● **PROBLEM TO SOLVE**:
Set down the entries that follow exactly as written, leaving out any images.
**********
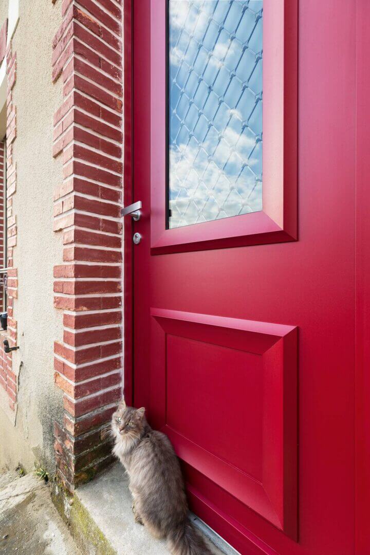 Malheureusement, le prix du remplacement par un modèle identique deux vantaux en aluminium dépassait son budget. Notre conseiller lui a proposé la gamme de porte d’entrée traditionnelle « Navarre » qui, avec ses deux vitrages verticaux, évoque l’esprit d’une porte d’entrée deux vantaux comme il avait avant. Menuiz vous trouve des solutions pour chaque problématique grâce à une approche sur mesure. Le coloris rouge permet de faire ressortir les briques apparentes qui donnent un esthétisme unique à cette maison. La porte d'entrée a été installée par nos poseurs salariés à Nîmes et dans le Gard.
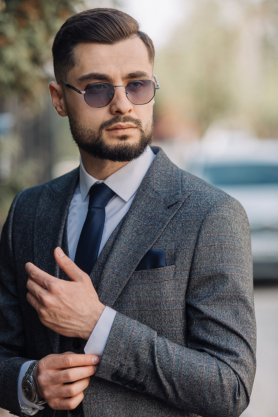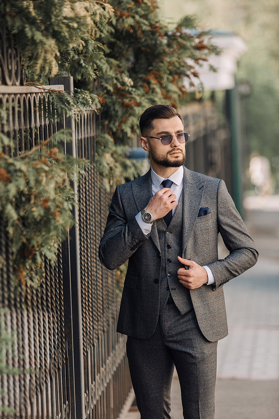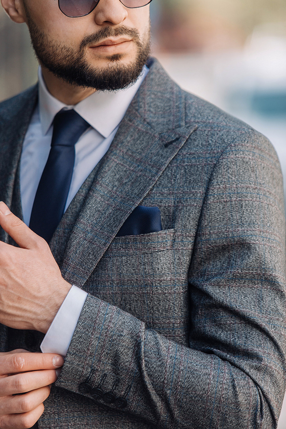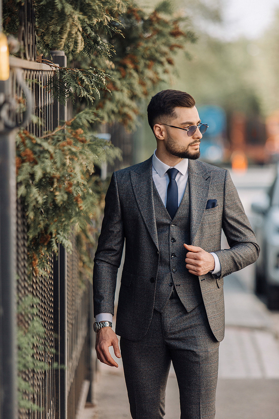 Мужской костюм двойка серого цвета в мелкую клетку с накладными карманами
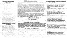The concept of childhood is not universal but varies across cultures and historical periods. This page introduces the idea of childhood as a social construct, emphasizing how perceptions of children and their roles have changed over time.
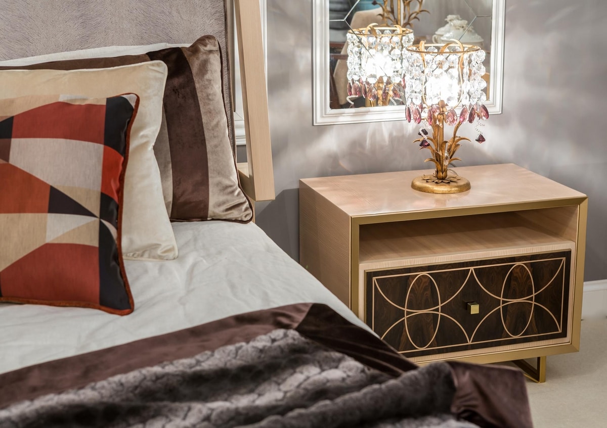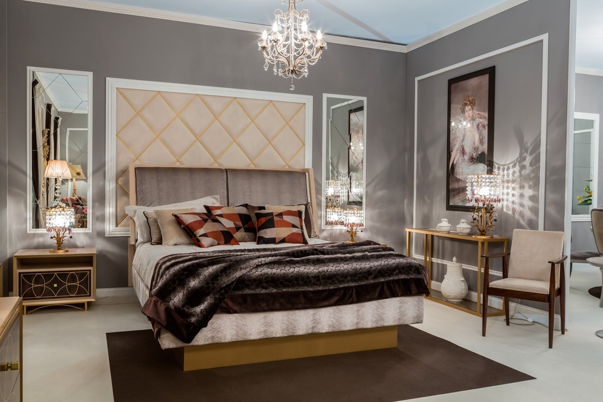 Elegant bed with upholstered headboard
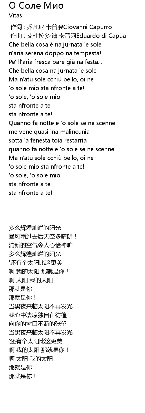 | [01:14.75] | ' o sole, ' o sole mio |
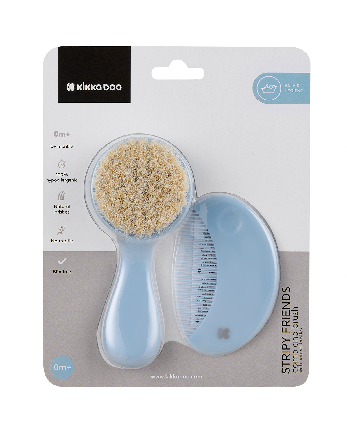 • Комплект гребен и четка, подходящи за ежедневна грижа;• Четка с естествен косъм;• Подходящ за деца от 0+ месеца;• Без BPA. Размери:- Четка: 6.5×3.5×14.2 см / Гребен: 6.5×0.8×10 см / 0.07 кг- Опаковка: 2×16.7×21.9 см / 0.10 кг- Вътрешен кашон: 33x27x11.5 см / 1.1 кг / 12 бр/вътрешен кашон- Кашон: 56×34.5×37.5 см / 7.1 кг / 72 бр/кашон
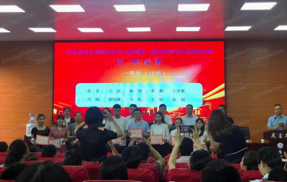 作為本次大賽的重要協辦方,大賽結束后,教體局攜手鴻合對成績優秀的單位和個人進行表彰。為確保此次活動順利開展,鴻合提供了全程設備及技術支持,本次大賽均在配備了鴻合智能交互平板的專業鴻合錄播教室環境內進行。除此之外,賽前鴻合還專門成立了賽課輔導小組,為老師提供貼心的課件制作和輔助服務。
**********
● **REPLY**:
 Malheureusement, le prix du remplacement par un modèle identique deux vantaux en aluminium dépassait son budget. Notre conseiller lui a proposé la gamme de porte d’entrée traditionnelle « Navarre » qui, avec ses deux vitrages verticaux, évoque l’esprit d’une porte d’entrée deux vantaux comme il avait avant. Menuiz vous trouve des solutions pour chaque problématique grâce à une approche sur mesure. Le coloris rouge permet de faire ressortir les briques apparentes qui donnent un esthétisme unique à cette maison. La porte d'entrée a été installée par nos poseurs salariés à Nîmes et dans le Gard.
 Мужской костюм двойка серого цвета в мелкую клетку с накладными карманами
The concept of childhood is not universal but varies across cultures and historical periods. This page introduces the idea of childhood as a social construct, emphasizing how perceptions of children and their roles have changed over time.
 Elegant bed with upholstered headboard
 | [01:14.75] | ' o sole, ' o sole mio |
 • Комплект гребен и четка, подходящи за ежедневна грижа;• Четка с естествен косъм;• Подходящ за деца от 0+ месеца;• Без BPA. Размери:- Четка: 6.5×3.5×14.2 см / Гребен: 6.5×0.8×10 см / 0.07 кг- Опаковка: 2×16.7×21.9 см / 0.10 кг- Вътрешен кашон: 33x27x11.5 см / 1.1 кг / 12 бр/вътрешен кашон- Кашон: 56×34.5×37.5 см / 7.1 кг / 72 бр/кашон
 作為本次大賽的重要協辦方,大賽結束后,教體局攜手鴻合對成績優秀的單位和個人進行表彰。為確保此次活動順利開展,鴻合提供了全程設備及技術支持,本次大賽均在配備了鴻合智能交互平板的專業鴻合錄播教室環境內進行。除此之外,賽前鴻合還專門成立了賽課輔導小組,為老師提供貼心的課件制作和輔助服務。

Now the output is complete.